Cybersecurity researchers have discovered NotDoor, a new cyber-espionage tool linked to the Russian state-sponsored hacking group APT28, also known as Fancy Bear, that targets Microsoft Outlook users across NATO countries.
Identified by LAB52, the threat intelligence arm of Spanish cybersecurity firm S2 Grupo, the malware turns Outlook into a covert spy tool, allowing attackers to steal data, upload files, and execute commands on infected machines — all by exploiting Outlook’s built-in automation features.
How The Attack Works
Researchers explained that the malware was named NotDoor because its code repeatedly uses the term “nothing.” It is a stealthy malware written in Visual Basic for Applications (VBA), the scripting language used in Microsoft Office.
Once installed, it lies dormant as a malicious macro and activates when emails with a specific trigger phrase, such as “Daily Report,” arrive. When that email comes, the malware springs to life — silently giving hackers control of the victim’s system.
The malware abuses Outlook’s event-driven VBA triggers, such as Application_MAPILogonComplete (on start-up of Outlook) and Application_NewMailEx (on arrival of a new email), to activate its payload. It also deletes the triggering emails that set it off, leaving almost no trace of how the compromise began.
“This [case] highlights the ongoing evolution of APT28, demonstrating how it continually generates new artefacts capable of bypassing established defense mechanisms,” wrote the LAB52 researchers in a blog post.
A Sophisticated Stealth Strategy
According to researchers, NotDoor makes use of a variety of advanced tricks to evade detection:
- Obfuscated Code: The code is scrambled and encoded, making it difficult for security tools to analyze.

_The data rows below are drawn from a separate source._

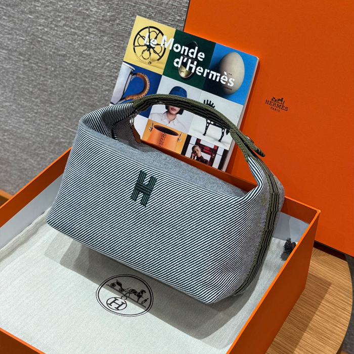 • 올수공 에르메스 브리드 어 브랙 파우치 GM Bleu Abysse 코튼 실버 하드웨어
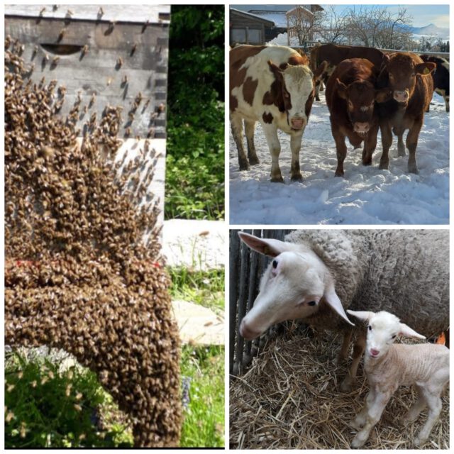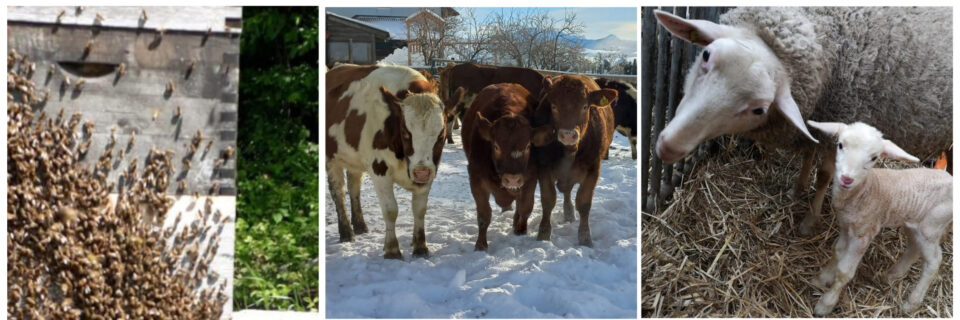 Der Betrieb besteht aus Mutterkuhhaltung, Milchschafen und Bienenstöcken.
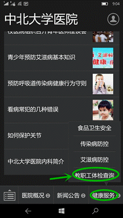 中北大学教职工体检报告手机在线查询使用说明
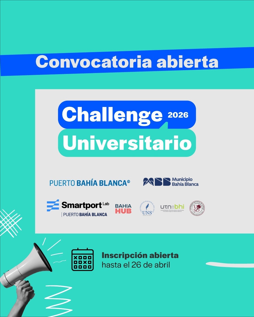 El Puerto de Bahía Blanca, a través de SmartPortLab, junto al Municipio de Bahía Blanca, la Universidad Nacional del Sur, la Universidad Tecnológica Nacional – Facultad Regional Bahía Blanca y la Universidad Provincial del Sudoeste (UPSO), lanzaron las inscripciones para el Challenge Universitario 2026, una iniciativa que busca acercar el talento académico al entramado portuario–industrial de la región.
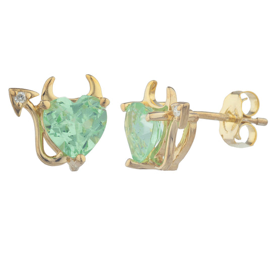 14Kt Gold Green Sapphire & Diamond Devil Heart Stud Earrings
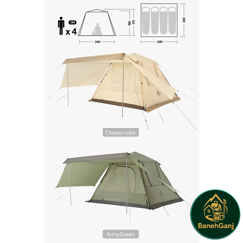 چادر نیچرهایک NH21ZP010 فضای کافی برای چهار نفر فراهم میکند و ابعاد ۲۲۰ × ۲۴۰ × ۱۶۰ سانتیمتر امکان حرکت و استراحت راحت داخل چادر را میدهد. ارتفاع مناسب فضای نشستن و فعالیت کوتاه را آسان میکند و طراحی بهینه موجب استفاده حداکثری از فضای داخلی میشود. وجود فضای مناسب برای وسایل شخصی، تجربهای منظم و راحت در سفرهای گروهی ایجاد میکند.
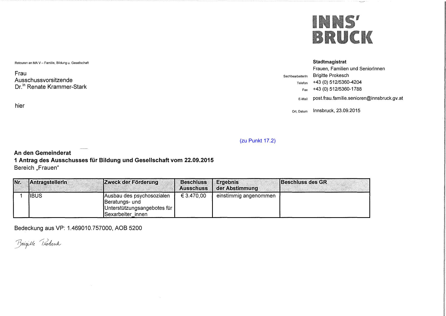 1 Antrag des Ausschusses für Bildung und Gesellschaft vom 22.09.2015
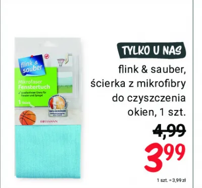 Cena produktu r贸偶ni si臋 w zale偶no艣ci od wybranego sklepu. Niestety nie posiadamy danych o aktualnych promocjach, jednak w艣r贸d archiwalnych ofert 艢cierka z mikrofibry do czyszczenia okien Flink & sauber kosztuje od 3,99 z艂.
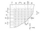 なお、本実施形態に係るALD装置1は、300mm×350mmのサイズの基板への成膜に対応するように構成されている。具体的には、ALD装置1では、供給路13が13本設けられ、各供給路13に供給口14がそれぞれ13本設けられている。また、ALD装置1では排出路23が13本設けられ、各排出路23に排出口24がそれぞれ13本設けられている。しかし、供給路13、供給口14、排出路23、及び排出口24の本数は適宜決定可能である。 Note that the
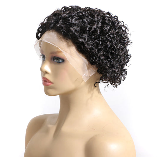 loose water wave short pixie cut lace front human hair wig, curly brazilian bob lace frontal pixie curls wig for black women

- DLL Side-Loading: It hijacks a legitimate Microsoft file, OneDrive.exe, which loads a malicious DLL (SSPICLI.dll), disguising itself as a trusted process.
- Registry Modifications: It tweaks Outlook’s settings to disable security warnings about macros and suppresses dialog prompts, allowing the malware to run without notifying the user.

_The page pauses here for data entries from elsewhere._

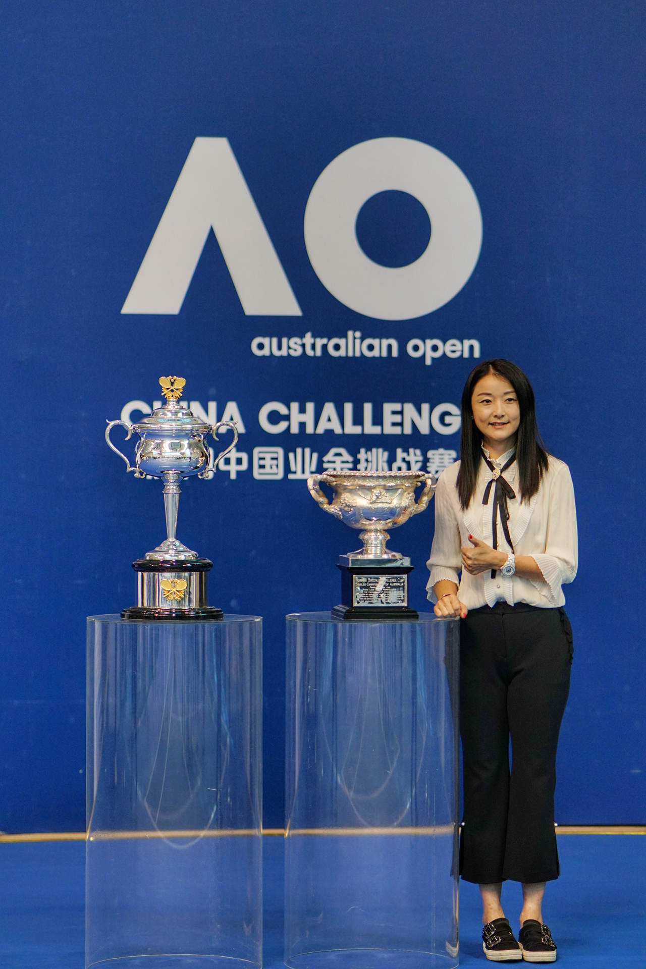 Yan Zi, a former title-winning doubles player of the Australian Open, poses for a photo with the Norman Brookes Challenge Cup (L) and the Daphne Akhurst Memorial Cup (R) of the tournament at the opening ceremony of the Shenzhen stop of the 2019 Australian Open China Challenge on Saturday. Photos by Wang Haolan
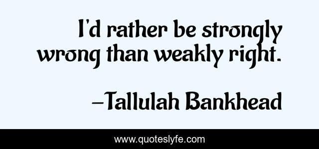 This page presents the quote "I'd rather be strongly wrong than weakly right.". Author of this quote is Tallulah Bankhead. This quote is about wrong, right,.
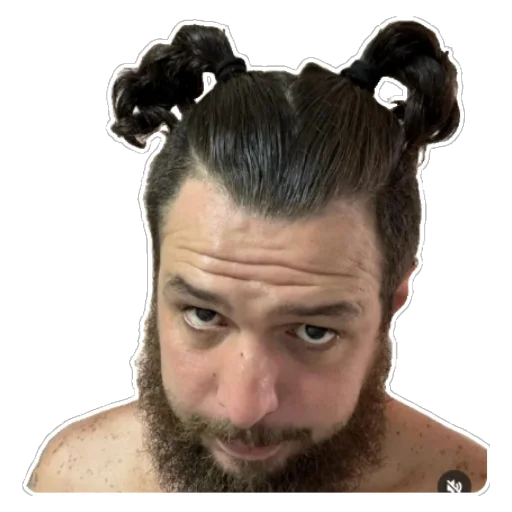 A bearded man with brown hair in two buns on top of his head, making a face of disapproval or surprise.

Once active, the malware stores stolen temporary files in a hidden directory, and then secretly emails them to an attacker-controlled email (a.matti444@proton[.]me) before erasing all traces. The malware confirms successful execution by sending DNS and HTTP callbacks to webhook.site.
Who’s Behind It
APT28 is one of the world’s most notorious hacking groups, widely believed to be part of Russia’s military intelligence agency (GRU). It has been at the center of some of the past decade’s most headline-grabbing hacks, including the 2016 breach of the Democratic National Committee (DNC) and intrusions into the World Anti-Doping Agency (WADA).

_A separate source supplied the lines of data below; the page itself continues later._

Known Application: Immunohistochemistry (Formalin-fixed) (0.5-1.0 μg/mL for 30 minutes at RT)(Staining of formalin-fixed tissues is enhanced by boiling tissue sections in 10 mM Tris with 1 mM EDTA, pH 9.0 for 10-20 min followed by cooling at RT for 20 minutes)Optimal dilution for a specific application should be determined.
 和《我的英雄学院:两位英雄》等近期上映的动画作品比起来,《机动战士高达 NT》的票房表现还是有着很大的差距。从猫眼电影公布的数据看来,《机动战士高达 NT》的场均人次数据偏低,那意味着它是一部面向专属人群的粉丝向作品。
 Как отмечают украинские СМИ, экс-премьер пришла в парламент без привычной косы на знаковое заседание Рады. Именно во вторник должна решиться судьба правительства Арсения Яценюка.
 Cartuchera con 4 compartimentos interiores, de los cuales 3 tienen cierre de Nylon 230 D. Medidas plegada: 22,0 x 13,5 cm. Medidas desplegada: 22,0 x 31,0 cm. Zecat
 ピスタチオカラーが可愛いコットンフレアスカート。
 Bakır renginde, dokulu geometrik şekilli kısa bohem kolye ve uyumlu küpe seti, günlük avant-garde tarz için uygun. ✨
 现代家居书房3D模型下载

NotDoor shows “the ongoing evolution of APT28, demonstrating how it continuously generates new artefacts capable of bypassing established defense mechanisms,” the LAB52 researchers added.
How To Stay Protected
To reduce the risk of infection, experts recommend that organizations take the following urgent steps:
- Disable macros by default across all systems
- Keep a close eye on Outlook for any unusual behaviour, especially registry changes
- Block suspicious DLL files from being loaded by trusted programs
- Ensure Microsoft Office and Windows are always up-to-date
- Educate employees to recognize suspicious emails that could serve as triggers
With NotDoor actively targeting companies across multiple sectors in NATO member states, the discovery underscores how even trusted workplace tools like Outlook can be weaponized in ways few would expect.